* _DATASET RECORDS_
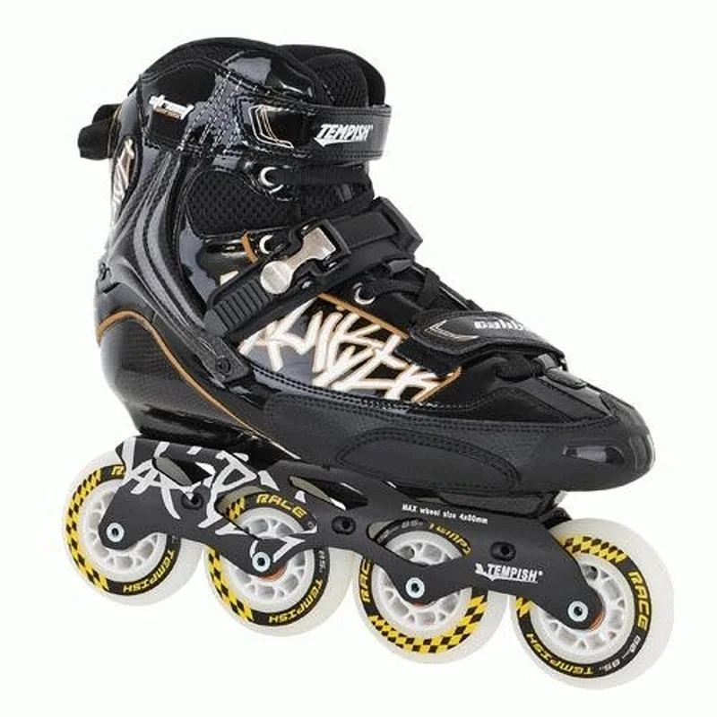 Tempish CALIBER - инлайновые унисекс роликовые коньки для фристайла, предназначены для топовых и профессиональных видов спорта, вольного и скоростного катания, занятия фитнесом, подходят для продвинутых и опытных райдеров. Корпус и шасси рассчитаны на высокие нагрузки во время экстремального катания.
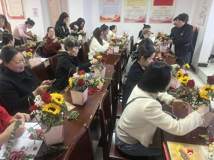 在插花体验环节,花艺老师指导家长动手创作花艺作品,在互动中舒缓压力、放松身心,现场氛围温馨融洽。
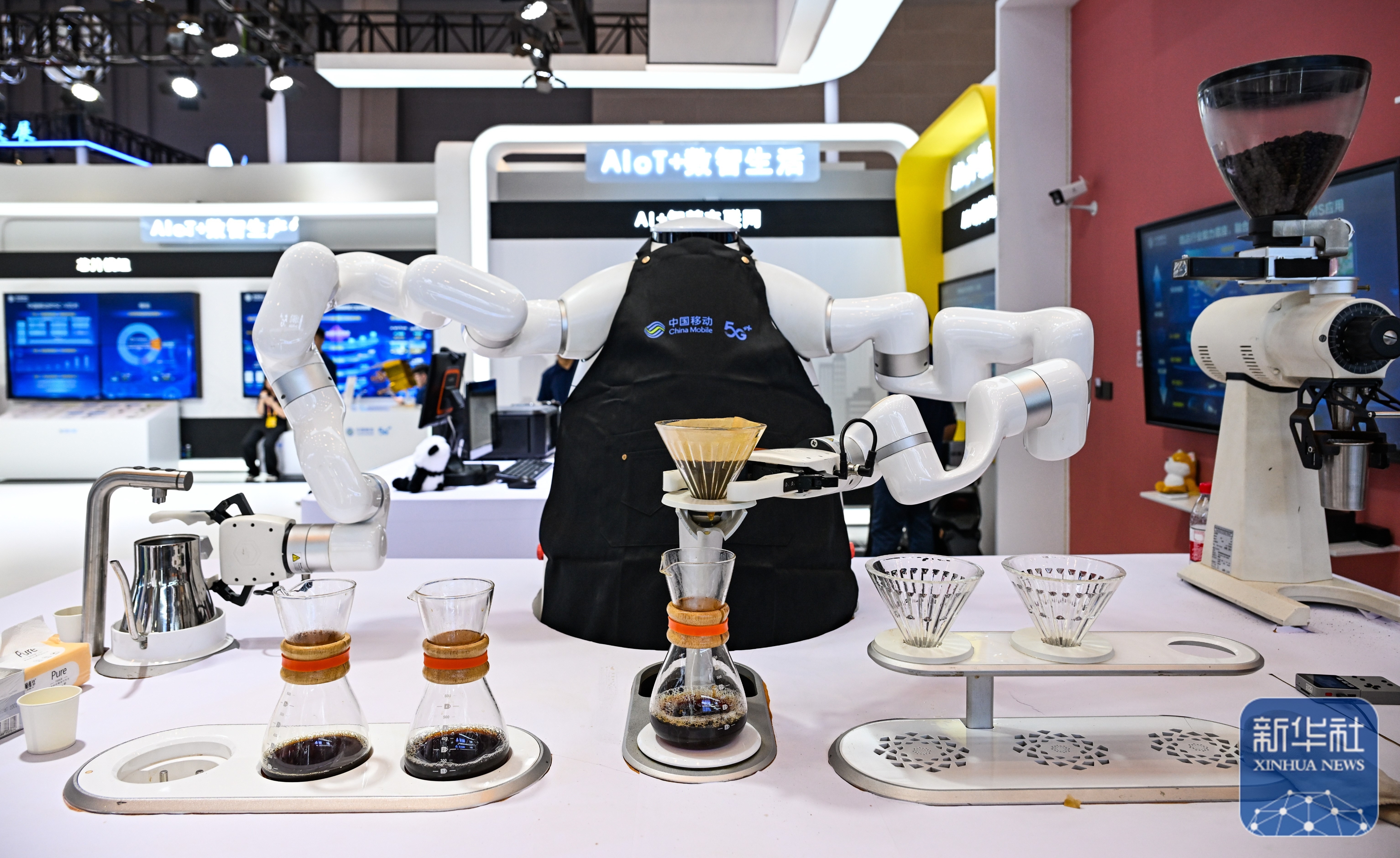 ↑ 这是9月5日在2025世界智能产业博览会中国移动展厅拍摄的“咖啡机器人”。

...

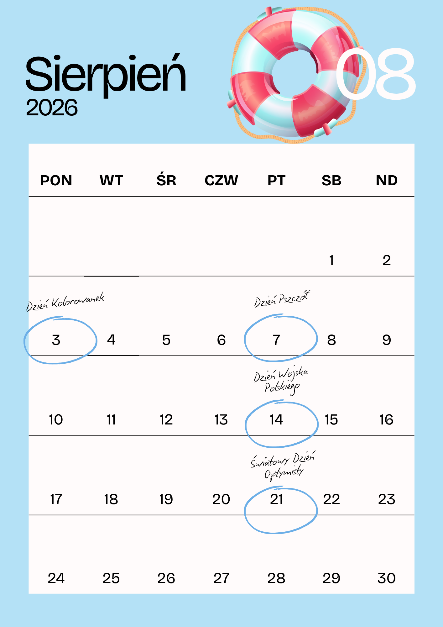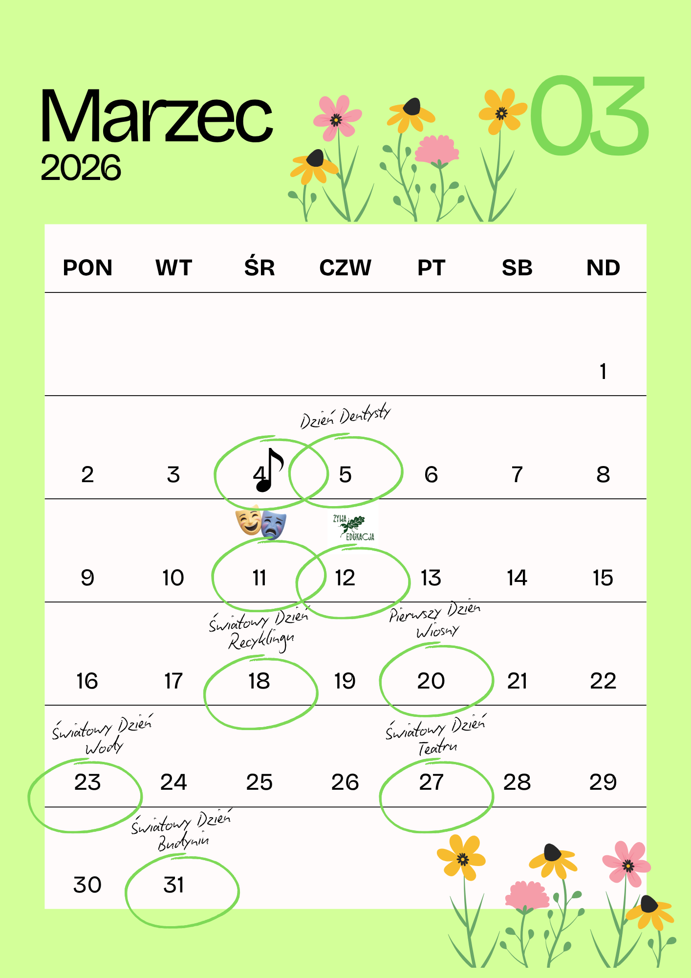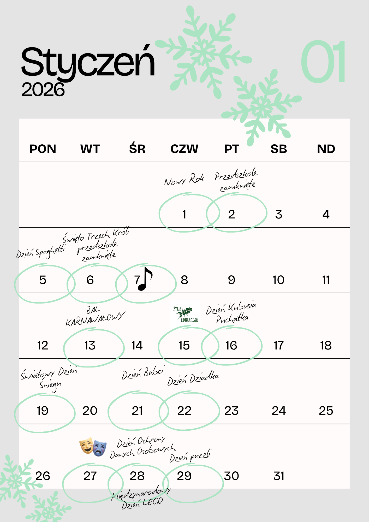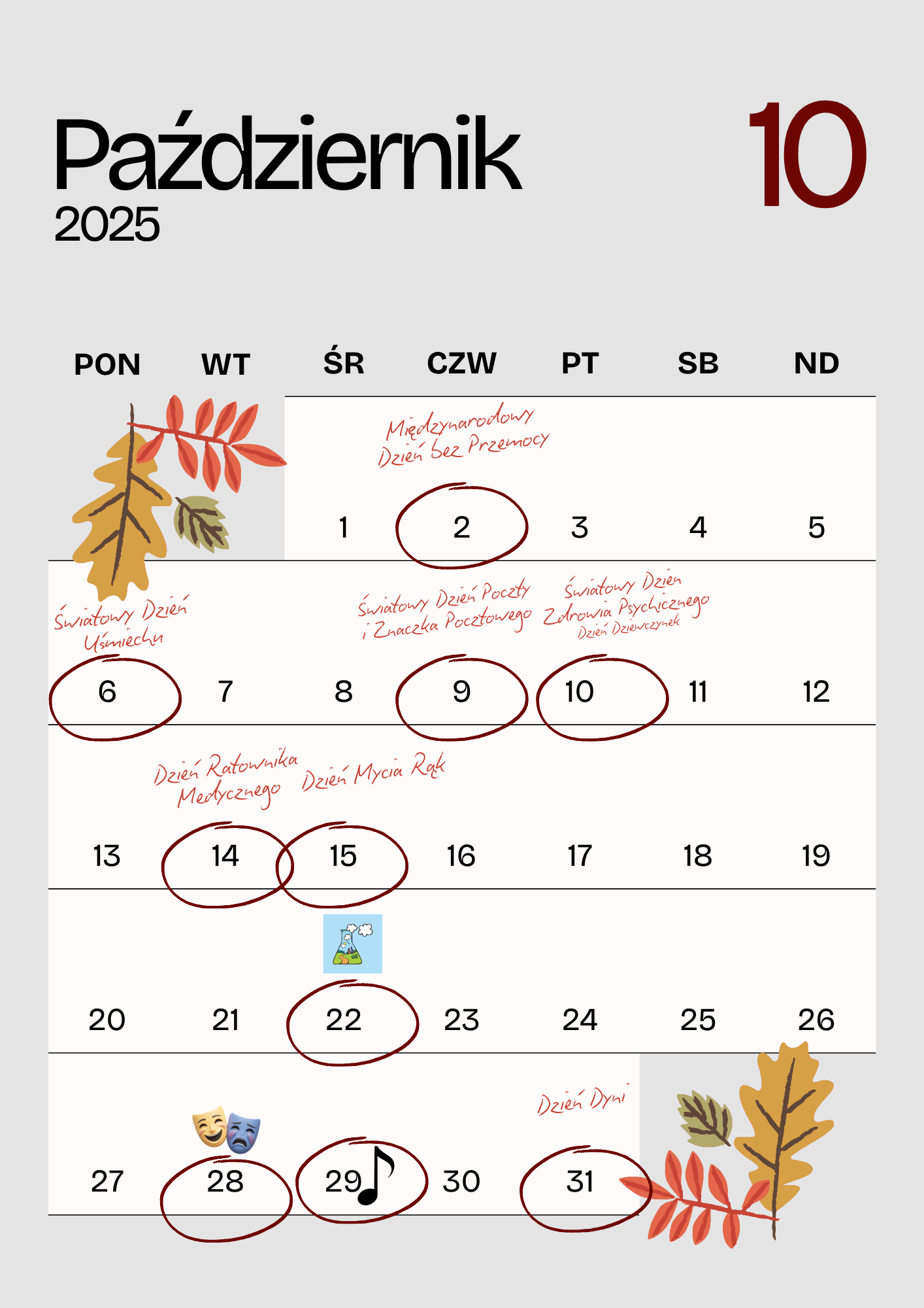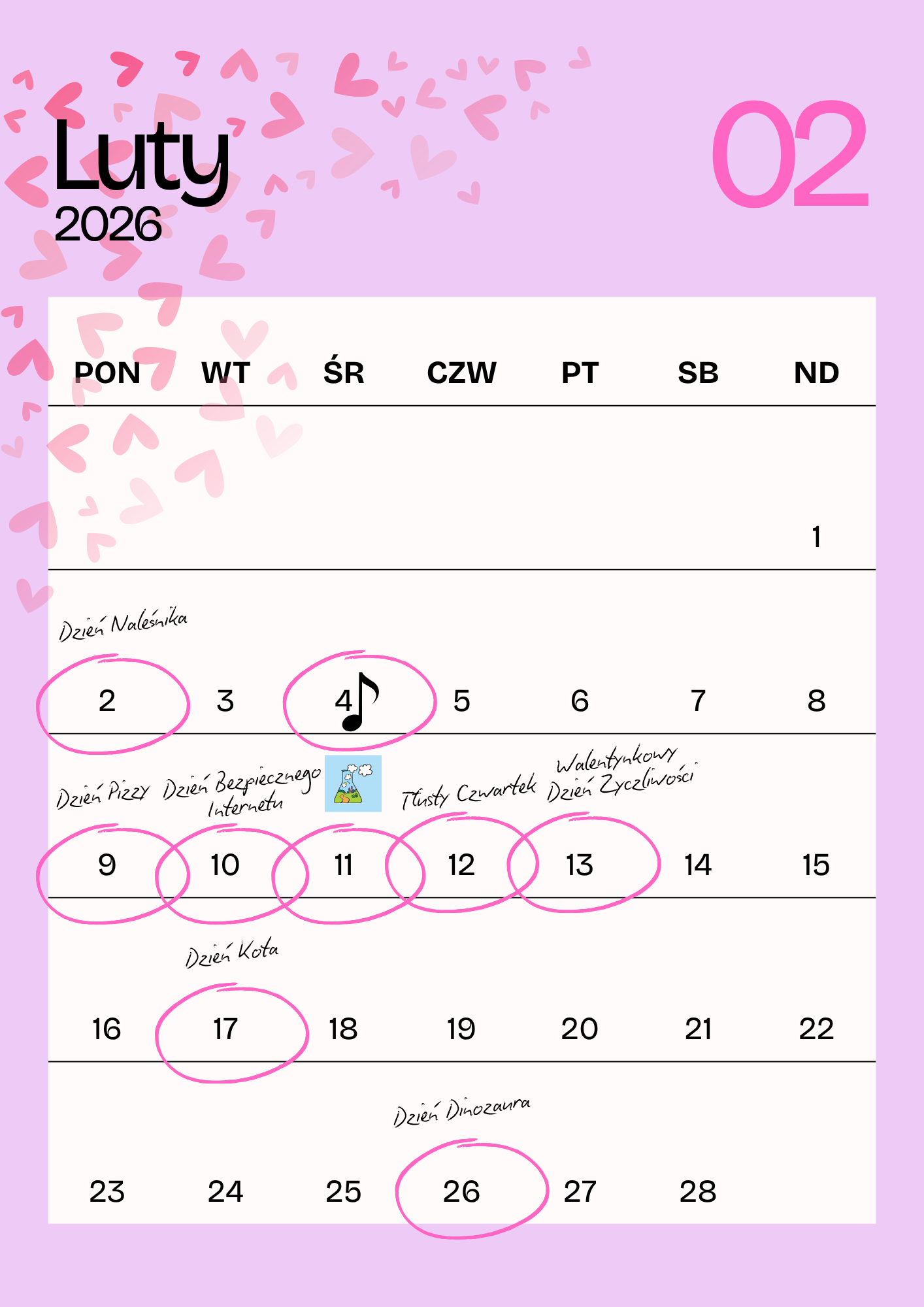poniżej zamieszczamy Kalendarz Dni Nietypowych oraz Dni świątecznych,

* _TRY IT_
For this exercise, set down the lines in the entries above from the one with "Tempish CALIBER - инлайновые" through the one with "在插花体验环节,花艺老师指导" exactly as written, without any pictures.

* _RESULT FOR THIS EXERCISE_
 Tempish CALIBER - инлайновые унисекс роликовые коньки для фристайла, предназначены для топовых и профессиональных видов спорта, вольного и скоростного катания, занятия фитнесом, подходят для продвинутых и опытных райдеров. Корпус и шасси рассчитаны на высокие нагрузки во время экстремального катания.
 在插花体验环节,花艺老师指导家长动手创作花艺作品,在互动中舒缓压力、放松身心,现场氛围温馨融洽。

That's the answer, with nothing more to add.